More than a handful of times have I been asked about how to get into the field of data science. This includes SMU’s Master of IT in Business classes, regular meet-ups (e.g., DataScience SG, and requests via email/linkedin. Though the conversations that follow differ depending on the person’s background, a significant portion is applicable to most people.
I’m no data science rockstar. Neither am I an instructor that teaches how to get into data science. Nonetheless, here’s some previously shared advice on “How to get started in Data Science”, documented here so it can be shared in a more scalable manner.
This post will focus on the tools and skills (I find) essential in data science, and how to practice them. Every organization has different needs, and what’s listed is largely based on Lazada’s data science stack and process. Nonetheless, they should be applicable to most data science positions. These should be viewed as minimum thresholds, and they do not necessarily predict success in data science. They are:
This post will not cover character traits, personalities, habits, etc. While there are some traits I find strongly correlated with success in data science (e.g., curiosity, humility, grit), we will not discuss them here. In some sense, these traits lead to success in all roles/life—not just data science.
This is the bread and butter of every data (science) person, and will probably be for a long time. While there are GUI tools that allow querying and extracting data without writing SQL, they are often not as powerful and flexible.
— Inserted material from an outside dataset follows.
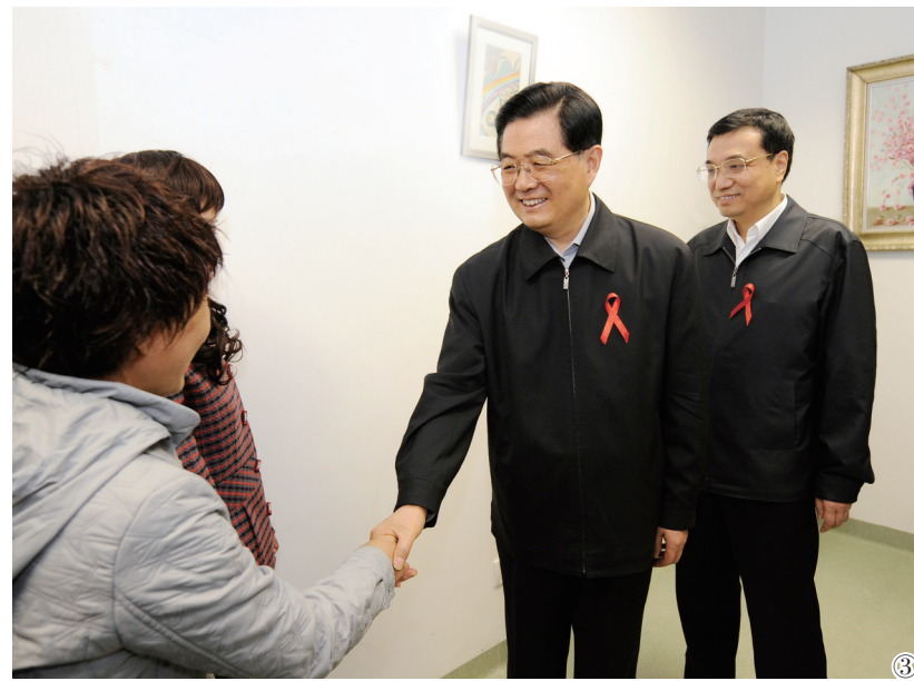
图③:2008年12月1日是第21个世界艾滋病日。胡锦涛同志和李克强同志来到北京地坛医院考察艾滋病防治工作。

Writing SQL allows you to join/filter/aggregate data as you wish, and the query can be easily shared with reproducible results. Learning 20% of what SQL can do should cover 80% of what you’ll need in day-to-day tasks—the rest can be googled when needed.
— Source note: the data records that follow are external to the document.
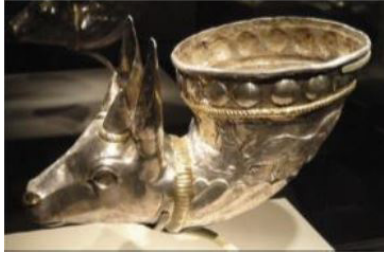
تصویر ۱۱. ریتون نقره با پایه‌ای به شکل سر بزکوهی، (محمدپناه، ۱۹۶: ۱۳۸۷).

ریتون بزکوهی و سر اسب، از جمله نمادهای خورشیدی دوره ساسانی به شمار می‌رود:
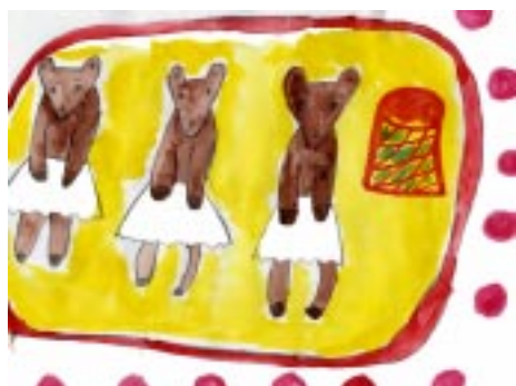
Рис. «Танец маленьких лебедей», Воробьёв Е., 5б класс

Ребята стали свидетелями сказочных приключений. Снегурочки и Деда Мороза. Не обошлось и без козней Бабы Яги и Лешего. Сюжет новогодней сказки переплетался цир-
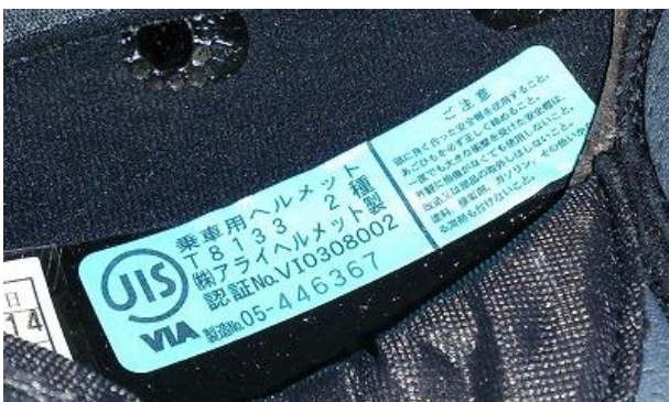
JIS 規格 2 種表示

上記規格の内、何れかに該当するヘルメットを使用してください。 上記規格外のヘルメットは使用できません。

Some sites provide an in-browser SQL engine, providing immediate feedback and making learning easier. Here are some I found useful:
While SQL is sufficient for basic analysis (using filters, aggregates, etc), you’ll soon need to do more such as statistical analyses, visualisations, machine learning, etc. Python and R have rich libraries that simplify these complex tasks. Some example libraries, for Python and R respectively, include:
Here’s some MOOCs to pick up basic Python:
Here’s some MOOCs to pick up basic R:
Eventually, you’ll work with data that is unable to fit on your local machine, be it RAM or disk. To efficiently process this data, we’ll turn to distributed processing frameworks such as MapReduce. One open-sourced data processing engine that is popular is Apache Spark.
Technologies come and go, and Hadoop/Spark is no exception (though they’ll probably be around for a while). With regard to learning Spark, I find it more useful to understand the concepts of distributed storage and processing. Learn how map and reduce tasks work across distributed nodes, which actions are parallelizable and which are not. Learn about shuffle and when it occurs, and how to minimise shuffle to make jobs more efficient.
Here’s some MOOCs to pick up basic Spark:
Part of a data scientist’s role is to distinguish signal from noise and provide data-driven insights to solve problems. Probability and statistics help you find trends and insights that are significant (e.g., fashion items shown on white background, as opposed to a lifestyle background, have higher conversion).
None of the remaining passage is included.